Apply these changes in the corresponding Snowflake table using Snowflake’s MERGE INTO command. In the CSV file, the first field in a TiCDC CSV file indicates the operation of the row: U for UPDATE, I for INSERT, and D for DELETE. This allows tidb2dw to easily determine which SQL statements to execute in Snowflake.

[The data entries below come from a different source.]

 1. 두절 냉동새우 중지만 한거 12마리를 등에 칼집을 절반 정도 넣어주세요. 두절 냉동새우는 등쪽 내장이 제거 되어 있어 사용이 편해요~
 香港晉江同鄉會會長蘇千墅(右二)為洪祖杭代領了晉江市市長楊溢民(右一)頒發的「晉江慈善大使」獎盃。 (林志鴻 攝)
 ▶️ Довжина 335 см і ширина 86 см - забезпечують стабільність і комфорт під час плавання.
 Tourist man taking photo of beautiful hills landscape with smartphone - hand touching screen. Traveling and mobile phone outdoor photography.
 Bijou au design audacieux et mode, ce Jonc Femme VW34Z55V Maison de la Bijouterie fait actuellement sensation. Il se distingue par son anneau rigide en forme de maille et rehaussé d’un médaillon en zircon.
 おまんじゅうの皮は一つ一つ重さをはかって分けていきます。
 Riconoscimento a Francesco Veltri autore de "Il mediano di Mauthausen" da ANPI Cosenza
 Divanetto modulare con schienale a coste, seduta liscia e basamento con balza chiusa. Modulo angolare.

Type	Table	Database	PK	PK	Col…
I	chbenchmark	customer	1797	2	1403
U	chbenchmark	customer	1638	10	1403
D	chbenchmark	customer	2428	1	1403
U	chbenchmark	customer	1259	8	131

The following example is a Snowflake SQL statement that merges a CSV into a Snowflake table:

MERGE INTO "stock" AS T USING
(
  SELECT 
  $1 AS "METADATA$FLAG"
  , $5 AS "s_i_id"
  , $6 AS "s_w_id"
  , $7 AS "s_quantity"
  , $8 AS "s_dist_01"
   …
  , $20 AS "s_remote_cnt"
  , $21 AS "s_data"
  FROM '@"TPCC"."TPCC"."MY_S3_STAGE_STOCK"/stock/441876501249130510/CDC00000000000000000001.csv'
  QUALIFY row_number() over (partition by "s_w_id", "s_i_id" order by $4 desc) = 1 -- get the last dml events of the same key
) AS S
ON
(
  T."s_w_id" = S."s_w_id" AND T."s_i_id" = S."s_i_id"
)
WHEN MATCHED AND S.METADATA$FLAG = 'U' THEN 
  UPDATE SET "s_quantity" = S."s_quantity", "s_dist_01" = S."s_dist_01", …, "s_remote_cnt" = S."s_remote_cnt", "s_data" = S."s_data"
WHEN MATCHED AND S.METADATA$FLAG = 'D' THEN
  DELETE
WHEN NOT MATCHED AND S.METADATA$FLAG != 'D' THEN
  INSERT ("s_i_id", "s_w_id", "s_quantity", "s_dist_01", …, "s_remote_cnt", "s_data")
  VALUES (S."s_i_id", S."s_w_id", S."s_quantity", S."s_dist_01", …, S."s_remote_cnt", S."s_data")
;

Replicate DDL

tidb2dw also supports replicating DDLs to downstreams in the steps below:

If the TiDB table structure is changed, TiCDC logs it in schema files. The following DDL statement initiated column renaming for the specified table.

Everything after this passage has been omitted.